Sunday, May 13, 2012

A local love story, with a twist.

Today I watched Gnomeo and Juliet on a TV screen the size of a Volkswagen bus. I sat on a big bed with the three year old I was babysitting and snuggled with her while we watched. I've never seen a screen that big in a private home...yikes. The movie was in English (with English subtitles...how helpful) and she kept re-telling the story in Italian and telling me to stop laughing at the parts she didn't think were funny.

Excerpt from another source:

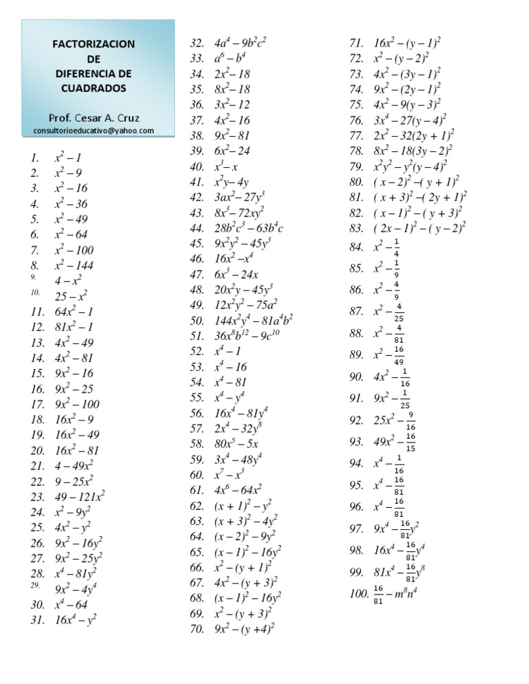 100 Ejercicios De Factorizacion De Diferencia De Cuadrados

I haven't seen the movie before but I really wanted to so I was happy when she picked this movie. I am just a few hours from the city where Romeo and Juliet lived, if the legends can be trusted. Sadly, while the story is great (and obviously timeless) the gnomes kinda freaked me out a little bit. And their English accents only made it stranger for me. Which is wrong, I know. I mean, why not English accents? Shakespeare was English. They just sounded a little rough around the edges to me...like Gnomeo probably had some tough tattoos under his blue smock and Juliet was hiding fishnet stockings under that oh-so-quaint peasant dress.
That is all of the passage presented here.